Y como cree en el poder del Estado, funda la Comisión Reguladora del Comercio; e importa víveres; y fija precios a los comestibles; y reglamenta la forma de distribuirlos.

Creyente como es en la audacia, en los triunfos circunstanciales y en el sistema práctico de la autoridad, en un año, Alvarado expide cuatrocientos diez decretos. Cree haber hecho una nueva sociedad. No considera la aptitud para modelar la mentalidad humana; mas como no sólo se propone remediar los males políticos, económicos y sociales, sino también fía en enmendar los errores morales, decreta el estado seco y prohibe las corridas de toros, porque éstas como el coso romano, prostituyen y matan; y posiblemente con el auxilio literario de Médiz Eolio, ha de decir que para el pueblo de Yucatán son preferibles al circo romano y a la crueldad del torero las felices noches de Eyron en Génova ... las dulces veladas de Shakespeare ... la música positiva de Wagner.

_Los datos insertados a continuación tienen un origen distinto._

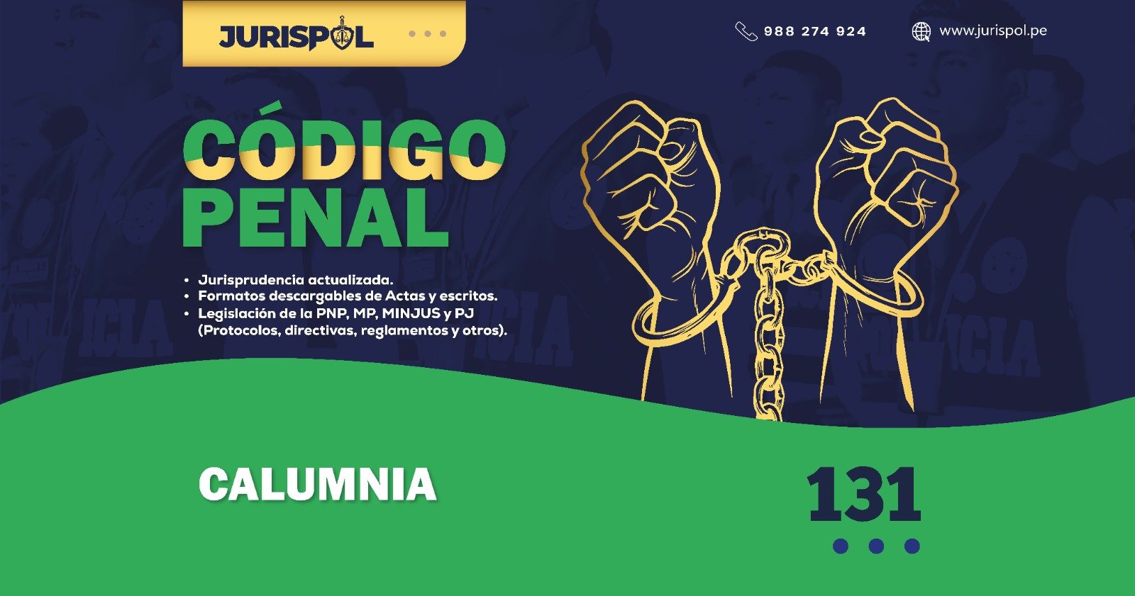 [Código Penal] En virtud del Decreto Legislativo 635, se promulgó el CÓDIGO PENALPERUANO, a través del área de redacción y el observatorio jurídico de Jurisprudencia Policial – JURISPOL, se ha elaborado Jurisprudencia actual y esencial, una selección estratégica de criterios que permiten comprender y aplicar correctamente esta normativa, particularmente el Art. 131.- Calumnia.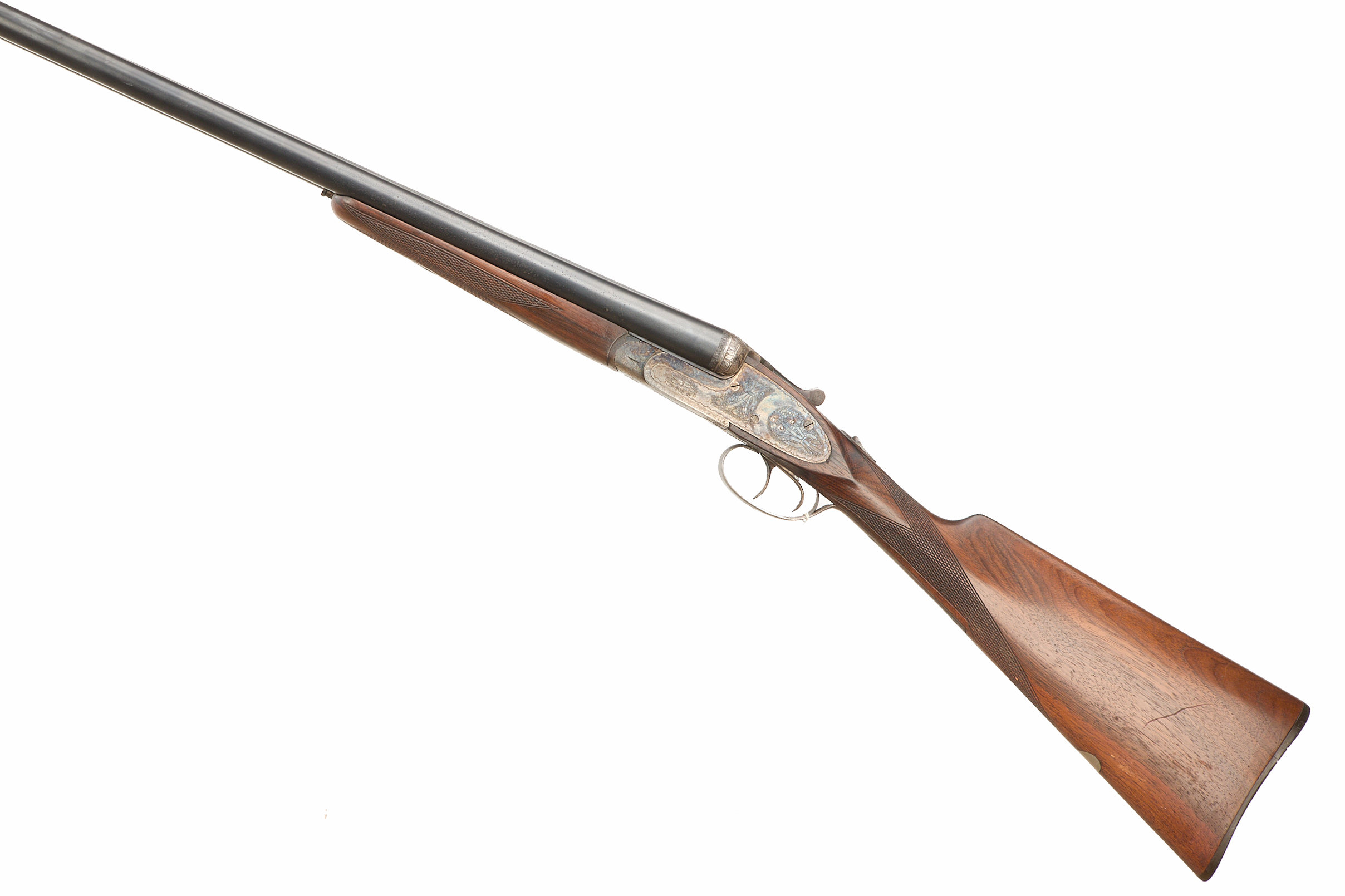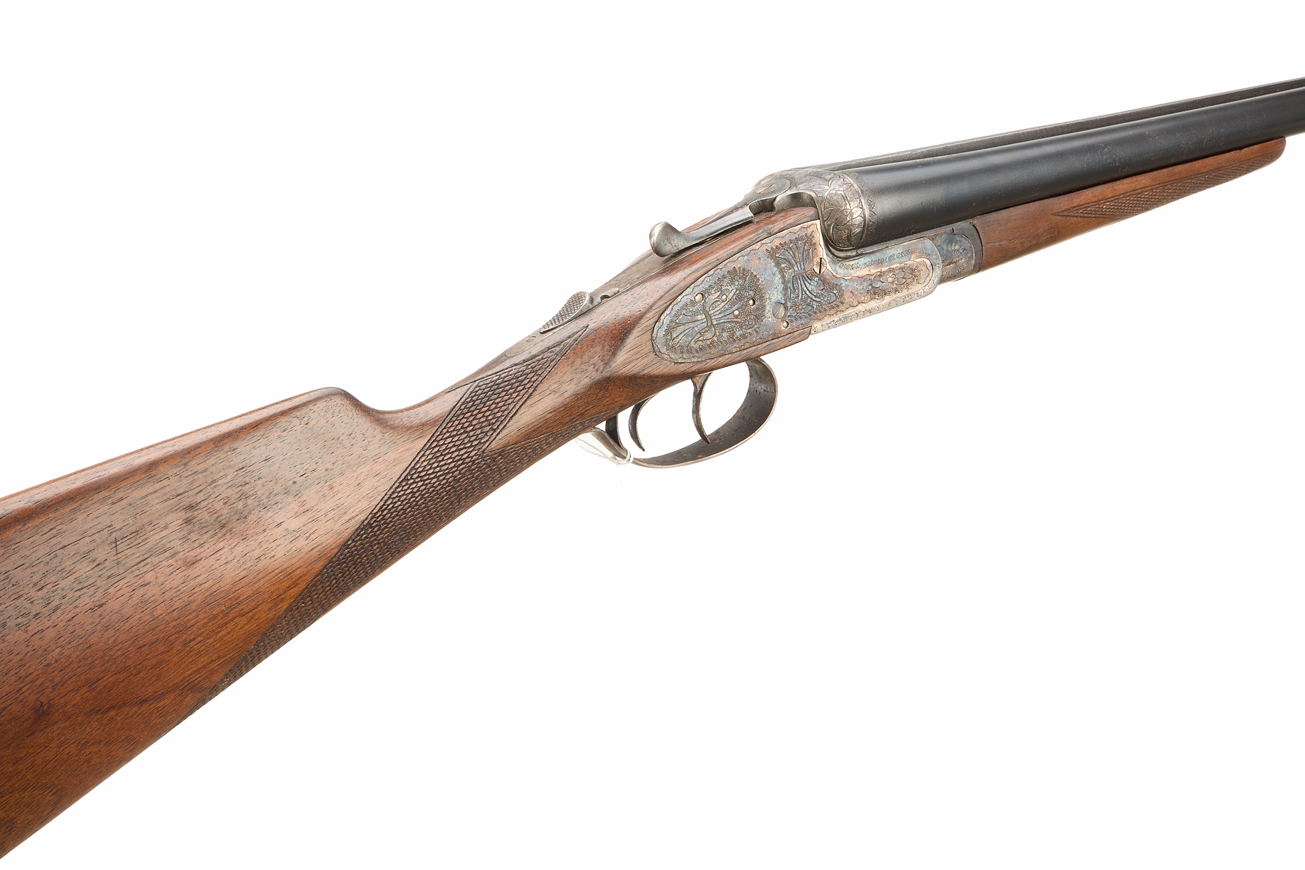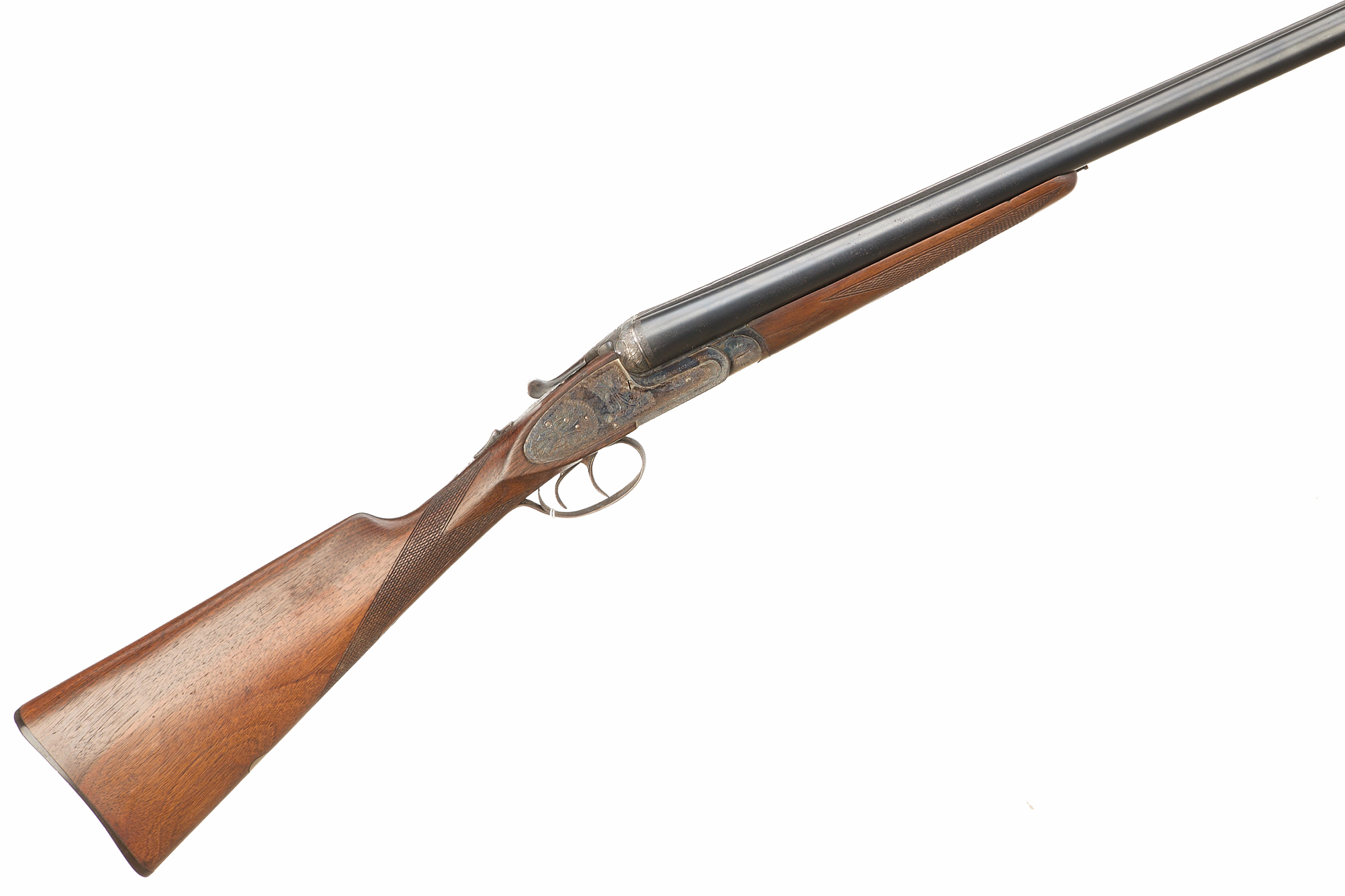 Hard rubber butt, chequered straight grip and forend. Treble grip action, hold open top lever, automatic safety. The action engraved with bouquets and extensive acanthus scrolling.

En medio de esa euforia que se produce en quien por vez primera, y sin formación previa, ha llegado al mando y gobierno de un pueblo, el general Alvarado no pasaba inadvertida la prosperidad económica de Yucatán, que no atribuía a las causas externas producidas por la Guerra Europea, sino al efecto de la legislación alvaradista; y así, engreído en su tarea y amando entrañablemente a los yucatanenses,consideró, en grado superlativo, el bien que él creía que el Estado era capaz de realizar.

Llegó de tal suerte el general Alvarado, en el 25 de diciembre (1915), al decreto número 410, por el cual convocaba a un congreso femenino; y al vislumbrar la aurora de 1916, pudo estar seguro de que, ya victorioso el carrancismo, y por lo mismo necesitado de auxilios económicos, el estado de Yucatán, con los recursos que le proporcionaba las ventas de henequén, estaría en posibilidad de comprar barcos y ferrocarriles, establecer bancos y empresas industriales. La cabeza de Alvarado era con todo esto, el magno espejo del espíritu creador que nació en México con la Revolución.